15

Зосимова на носилках перенесли в приемный покой. Дежурный терапевт прочитал сопроводиловку, списанную врачом «скорой» с батуринского журнала, страдальчески поморщился:

— У нас в хирургии все три отделения — под завязку. Куда я его положу?

— Мое дело телячье, — безмятежно ответил врач «скорой». — Куда сказали, туда и привез.

— Телячье… — проворчал терапевт. Он наклонился к Зосимову, приоткрыл у него веко, взялся за пульс. — Давно он без сознания?

— Да нет, он просто спит. Я ему вкатил промедол, чтоб не так мучился от боли и немного поспал. У него ребра переломаны, болевой шок.

— И слегка сотрясение мозга, да? Ладно, разберемся, что у него там порушено… Переложите его на каталку, не сочтите за труд.

— Чао! — сказал, врач «скорой», помогая санитару выносить тяжеленные носилки.

Зосимова долго катили по коридорам, жирно отсвечивающим, недавно вымытым линолеумом, лифтом подняли на третий этаж, к хирургическому отделению. Добрых полчаса он лежал на каталке, пока две полусонные санитарки устанавливали койку в коридоре, ходили за матрасом и подушкой, стелили белье…

Хирург бегло осмотрел Зосимова и покачал головой.

— Тут без полной рентгеноскопии делать нечего, — сказал он сестре. — Переломы, переломы… Запишите его утром на рентген.

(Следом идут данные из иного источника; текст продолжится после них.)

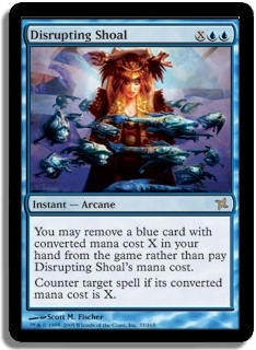 You may remove a blue card with converted mana cost X in your hand from the game rather than pay Disrupting Shoal's mana cost.
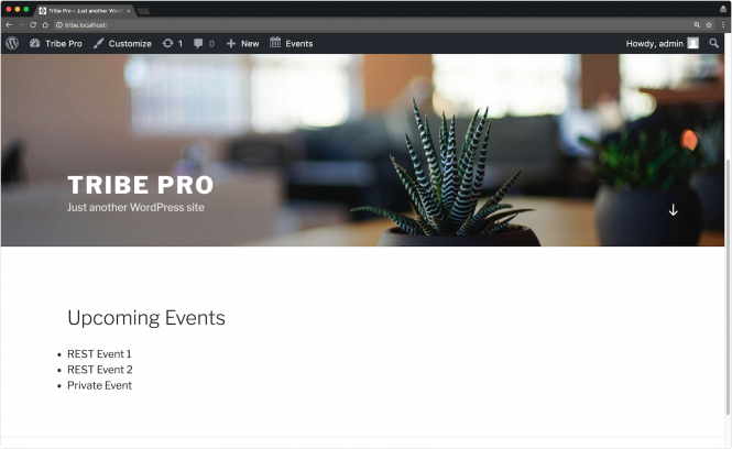 In the following examples, we’ll assume the site on which The Events Calendar REST API is active can be reached at http://tribe.localhost–so keep that in mind.

— А сейчас? — спросила сестра.

— Пусть спит, — сказал хирург. — До утра ничего с ним не случится.

Глубокой ночью Зосимов очнулся. Он испытал облегчение от того, что стряхнул с себя жуткий, навязчивый кошмар. Все, все это было во сне: насос в колодце, новенькая свеча, двое баидитов, нож, выбрасывающий клинок, долгое падение, хруст костей, кровавое пятно на березе, добрый человек с негнущейся ногой, обжигающий рот коньяк, короткая вспышка взорвавшейся мины, смеющийся англичанин-дантист, царапающая сухость во рту, лицо женщины, возникшее из белизны, шприц в руке бородатого человека.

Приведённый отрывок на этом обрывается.